Our coalition red-green government has been under harsh and increasing criticism from the right-wing for being too soft a target. Norway is a country where you will have to search long to find an armed policeman. It is a country where you can walk in the King’s garden at all hours. Until last Friday afternoon, when it was blown to pieces, you could also walk straight into the reception of the building that houses the prime minister’s office.

Had the attack been executed by Muslim extremists, the criticism of the government’s naivety would have skyrocketed. There would have been a loud demand for more surveillance, more security, more police, more fences and gates, less access to our authorities and ruling institutions, and more distance between the rulers and the ruled. The website where Anders Behring Breivik was active was quick to accuse Muslim terrorists. Two hours after the first attack, the editor wrote: “Norway is at war. The government has failed. Why doesn’t the prime minister say anything?”

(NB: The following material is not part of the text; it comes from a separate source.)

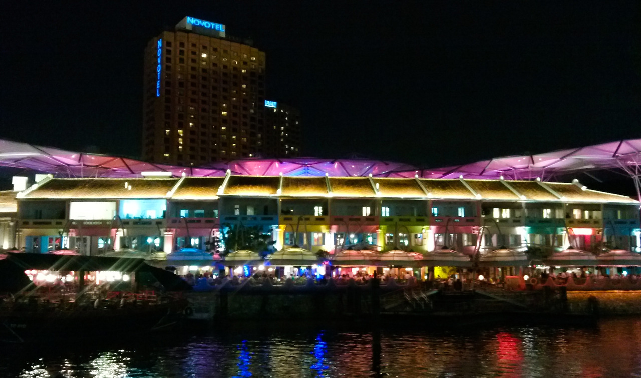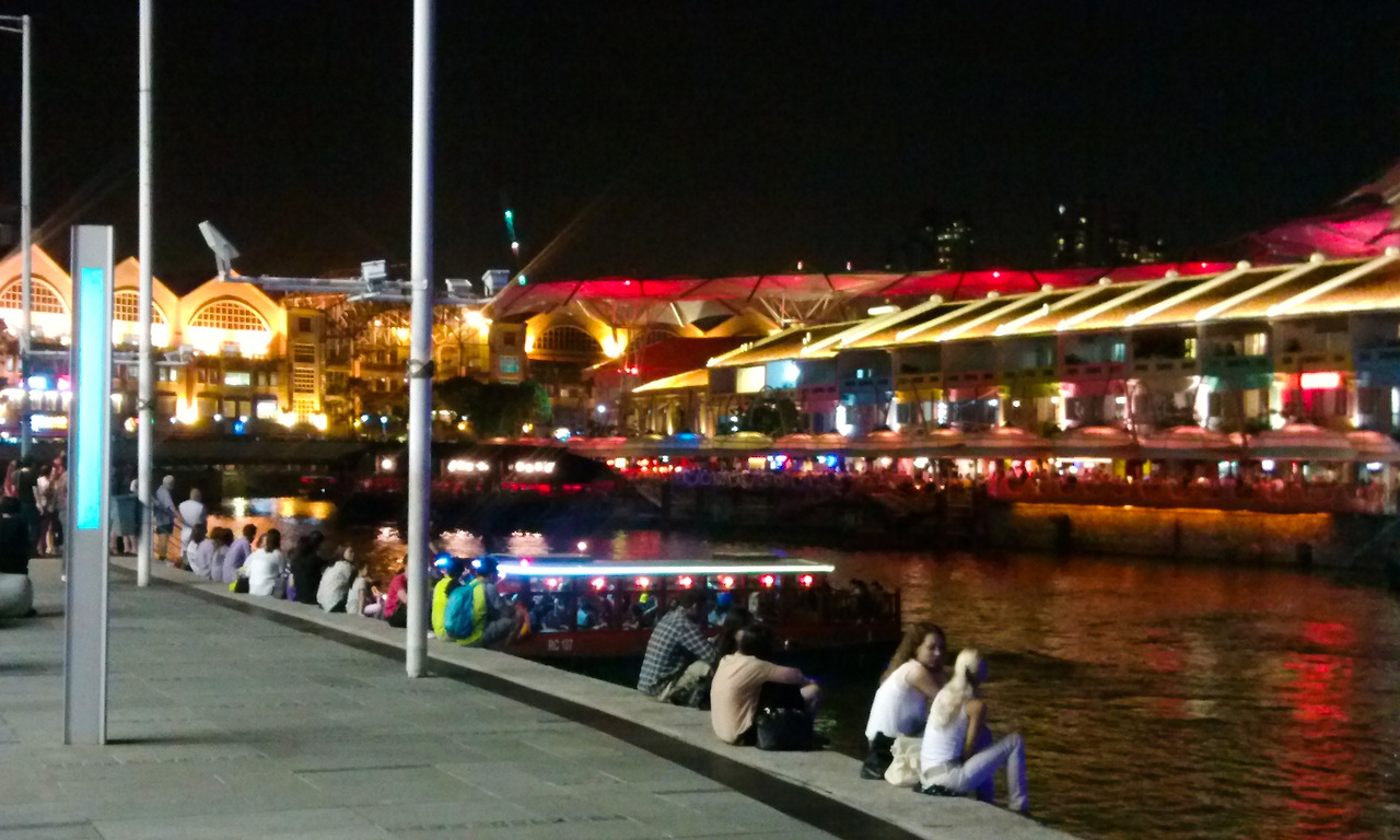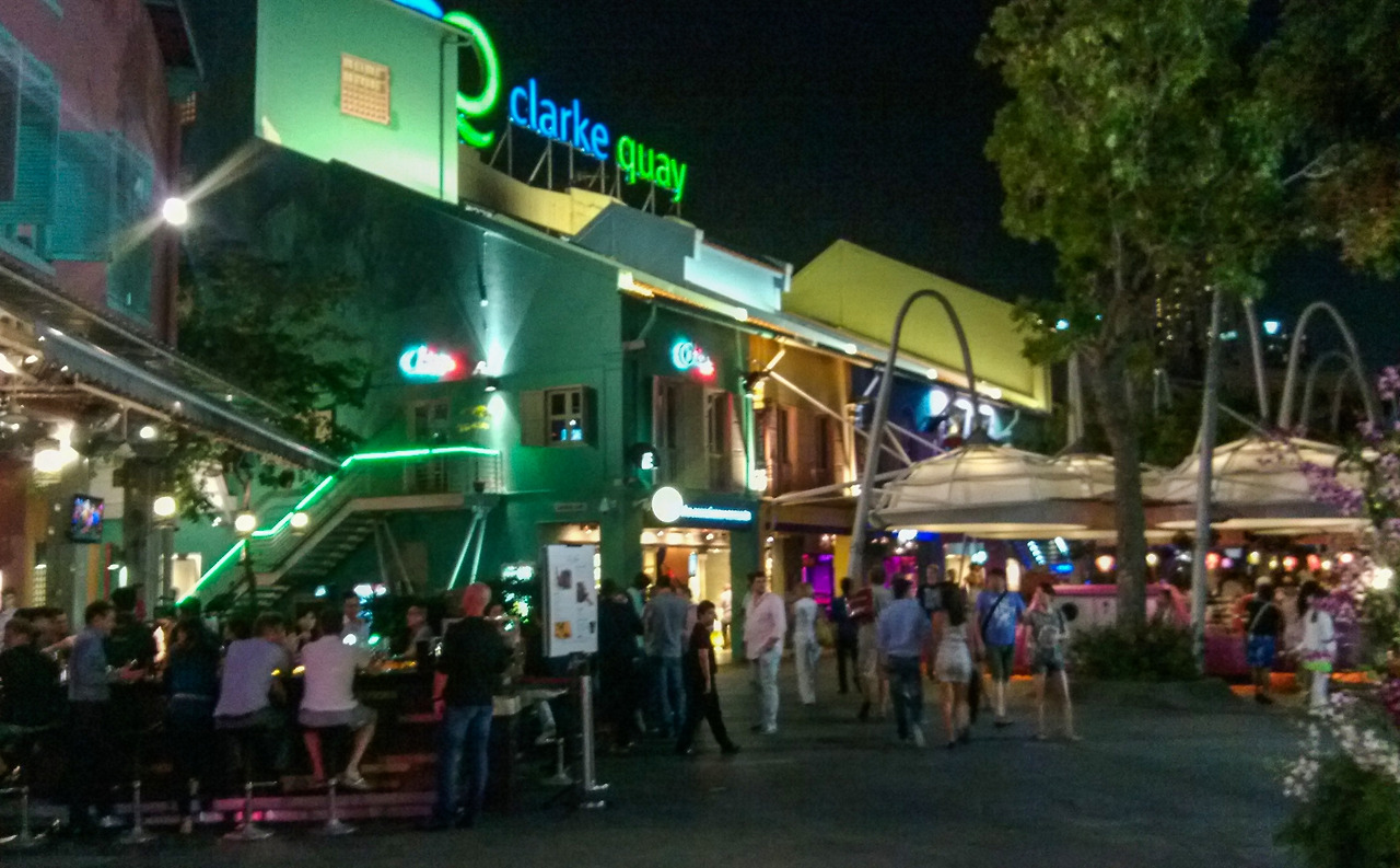 알람 소리도 못 듣고 자는 바람에 저녁 일정이 늦어졌지만 덕분에 몸은 그만큼 더 개운했다. 밤을 불태울 준비 완료! 여행 첫날의 밤을 불태울 곳은 싱가포르 대표 나이트라이프 중심지 클라키 퀘이(Clarke Quay). 클라키 퀘이 MRT 역을 나와 싱가포르 강 쪽으로 걸었다. 강변이 가까워질수록 음악소리는 커졌고, 우리의 텐션도 함께 올라갔다. 그리고 곧 싱가포르 강이 모습을 드러냈다. 역시 강가 야경은 실패가 없다. 우리나라 한강과 비교하면 동네에 있는 작은 천 정도 되는 강이지만 주변 조명들이 강물에 비쳐 클락키 일대를 더 환하게 비추었다. 네모반듯한 아파트와 고층 빌딩들이 있는 한강의 야경이 마음 차분해지는 세련된 야경이라면, 클락키의 야경은 두서없이 반짝반짝한 게 야시장 같은 활발한 야경이었다. 텐션이 또 한 번 업됐다. 그야말로 청춘들의 성지. 세계 각국 여행자들이 이곳에 다 모인 듯했다. 메인 스트리트는 라이브 카페와 펍, 바가 즐비했다. 쿵쾅! 쿵쾅! 리듬에 맞춰 내 심장도 뛰었다. 술은 기본이고, 춤을 추든 노래를 하든 뭐라도 해야 될 것만 같았다. 분위기 파악은 대충 끝났으니 이제 어디에 정착을 할지 선택할 시간. 가장 시끌벅쩍하고 이왕이면 여성분들이 많은(사실 가장 이게 가장 중요했다.^^*) 곳을 스캔했다. 한 펍의 테라스 롱 테이블에서 한데 섞여 놀고 있는 젊은 남녀 무리가 포착됐다. 20명 남짓 되는 인원이 다 같이 맥주를 마시며 웃고 떠들고 있었는데, 원래부터 아는 사이 일 것 같지는 않고 각자 와서 같이 놀고 있는 듯했다.

His demand fell dead. Instead, the leader of the Youth League said yesterday, after the loss of so many of his friends: “Our ideas are still alive. We will be back at Utøya.” Utøya, this island of rocks and pine, is somewhere the killer will never again set foot. Although the maximum penalty in Norway for any offence is 21 years, to earn his freedom he must show that he has really changed and will not offend again.

Norway is liberal on crime and punishment, but there is one extra penalty that Breivik will feel to be particularly severe: he will have to stay, probably for the rest of his life, in that most highly-multicultural place — a Norwegian prison.